Your hands must be well protected, both from the cold and from impacts and friction, but at the same time they must maintain agility. Therefore, despite the general versatility (if you have other types of gloves, prioritize another material before changing them, because they will help you), mountaineering gloves are specific, carrying more reinforcements and allowing you to more easily tie knots, carry out rope maneuvers, etc.

It is convenient to use two pairs, a thin glove liner underneath, and a warm, insulated glove on top, as well as always carry a spare pair. They can get wet, or worse, you can lose one in some maneuver that requires to take them off. This can be catastrophic. Thus, when finished, we can take off the pair used, which will be wet from sweat, and warm our hands.

You’ll find everything you need to know about different types of gloves, tips and more in the article “How to Choose Gloves for Mountaineering, Snow and Ski Activities”.


Never carry more than you need, but always carry the essentials. And this means choosing the right pack.

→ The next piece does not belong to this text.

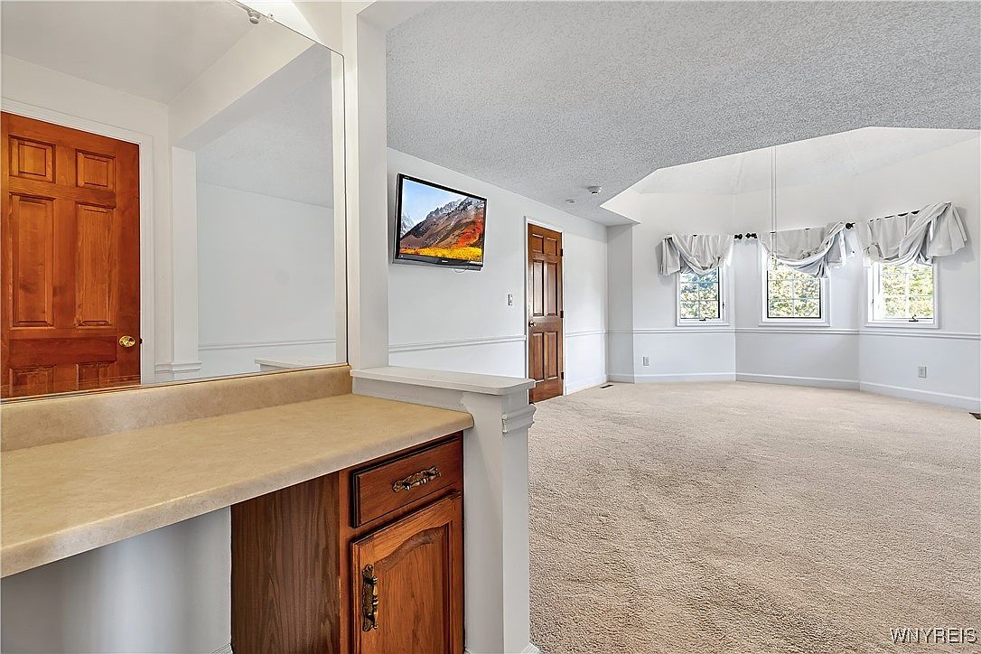 Spacious bedroom suite features soft, neutral carpeting and crisp white walls paired with elegant white trim and chair rails, creating a bright and airy atmosphere. Three large windows let in plenty of natural light, accentuated by decorative white valances that add a touch of charm while keeping the space family friendly. A mounted TV provides entertainment, while two polished wooden doors offer entry to adjacent areas, ensuring privacy and convenience. The room includes a built-in vanity with a wide mirror and warm wood cabinetry, perfect for daily routines. Open floor space allows flexibility for multiple furniture arrangements and play areas, ideal for family living.

As for the volume, it will depend on whether you are going to set up a bivouac, carry out a day activity, etc, but in winter, in any case, the pack you’ll need is usually around 45 liters. And we reiterate: it is not worth choosing a small ultralight backpack to save weight, and then taking only what fits in the pack. This can be a recipe for disaster. You should always pack the other way around: first decide what all you need, then choose the pack that’s appropriate.

You should be prepared to carry your gear, which in winter will consist of two ice axes, crampons, possibly skis for the approach, ropes, maybe a snow anchor. These things won’t fit inside your pack, so we'll need their corresponding external gear holders.

Your pack will need to allow for ice axes, ropes, and more. Photo: Jonatan García
Your pack will need to allow for ice axes, ropes, and more. Photo: Jonatan García
For more information on types of packs, what to look for when choosing one, and much more, have a look at our article How to Choose a Pack for Outdoor Activities

Other Tips

  • A thermos with a warm drink such as tea or coffee is always a good idea. It can get you out of a jam if the cold becomes an issue, and is a delight to have in other cases.
  • Insulated covers for thermoses and water bottles.
  • Lightweight, compact stove
  • Safety gear – avalanche beacon, shovel, probe, emergency blanket, whistle, mobile with a full charge, and of course proper planning of your route and awareness of the weather conditions. In winter this is crucial.
  • And, even if you call us nags, we finish as we started: before entering the winter mountain, and more so if it is technical, you need the proper training: courses, outings, hire a guide, etc. You’ll learn safely, you’ll socialize (how many groups have emerged for years after their members have met in mountaineering courses, climbing, in guided outings!), and you’ll learn to manage risk and fully and safely enjoy something as wonderful as couloir climbing, your first step into the vertical world. Consult any qualified guide agencies or outdoor clubs in your area, there you will find what you need at all times.